Most people never think about getting arrested. Most never are. So most never think about the need for a criminal defense attorney until they get caught up in something beyond their control, such as a seemingly simple arrest for DUI, Assault-Domestic Violence, or other criminal charge.
But it’s something you should think about, so you know what to do when facing arrest.
And the first thing you absolutely must do – the very first thing, before making a phone call, posting bond, hiring a criminal defense attorney and going to court – is the simplest thing, yet the one thing most people fail to do: Shut up.
Yep. Politely Clam up. Zip it. Silence it. Do not say anything – except ask for an attorney. And the good news is the jury will never be told that you exercised your right to remain silent and requested an attorney.

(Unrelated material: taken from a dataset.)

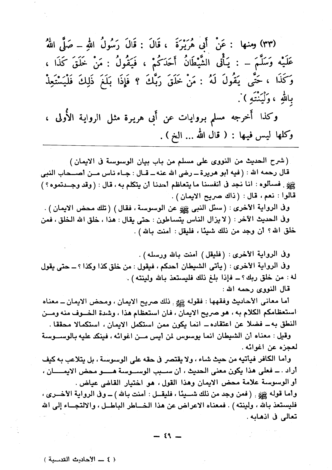 33 - ومنها: عَنْ أَبي هُرَيْرَةَ، قَالَ: قَالَ رَسُولُ اللَّهِ صلى الله عليه وسلّم: «يَأْتِي الشَّيْطَانُ أَحَدَكُمْ، فَيَقُولُ: مَنْ خَلَقَ كَذَا، وَكَذَا، حَتَّى يَقُولَ لَهُ: مَنْ خَلَقَ رَبَّكَ؟ فَإذَا بَلَغَ ذَلِكَ فَلْيَسْتَعِذْ بِاللَّهِ، وَلْيَنْتَهِ».

But people talk. It’s their nature perhaps. People want to explain themselves, want to justify or excuse their actions, want to apologize or defend themselves.
And police are willing to lead you right along. But you should not fall for it. You are under no obligation to speak with them. You are under no obligation to provide them with evidence against you. You are under no obligation to help them convict you of DUI or any other crime.
The U.S. Constitution says so.
And criminal defense attorneys in every state agree silence is a good idea. A Utah Criminal Defense blog put it this way: “It is important to remind you that under no circumstances should you talk to the police. … Refusing to talk to the police does not mean you’re guilty of anything; in fact, it shows you’re looking out for your best interests.”
While police should respect this, many often do not. And while you may think police must always read us our rights, don’t be so sure. The criminal defense blog, says when, where and how police question you is important to that decision.
“If you … make an unsolicited admission to a crime, you may be stuck with that admission,” it says, before adding that you don’t have to be arrested or even in police custody to assert your right to remain silent. “There are many circumstances … where the police may attempt … to obtain an incriminating statement from you. If you do not fully understand your rights … you may mistakenly seal the prosecution’s case against you.”
And according to a criminal defense attorney’s blog from Las Vegas, courts are narrowing the instances in which the warning is required, redefining the definition of custody to the detriment of the accused person. In one case, the U.S. Supreme Court decided that armed police officers did not have to read a prison inmate his rights before questioning him because he was not in their custody. “You would hope that it would be obvious when a person is in ‘custody’ and when they are not. If it is seemingly a very close call … it seems a better policy to require the warning. But this is not the way the Supreme Court views the issue.”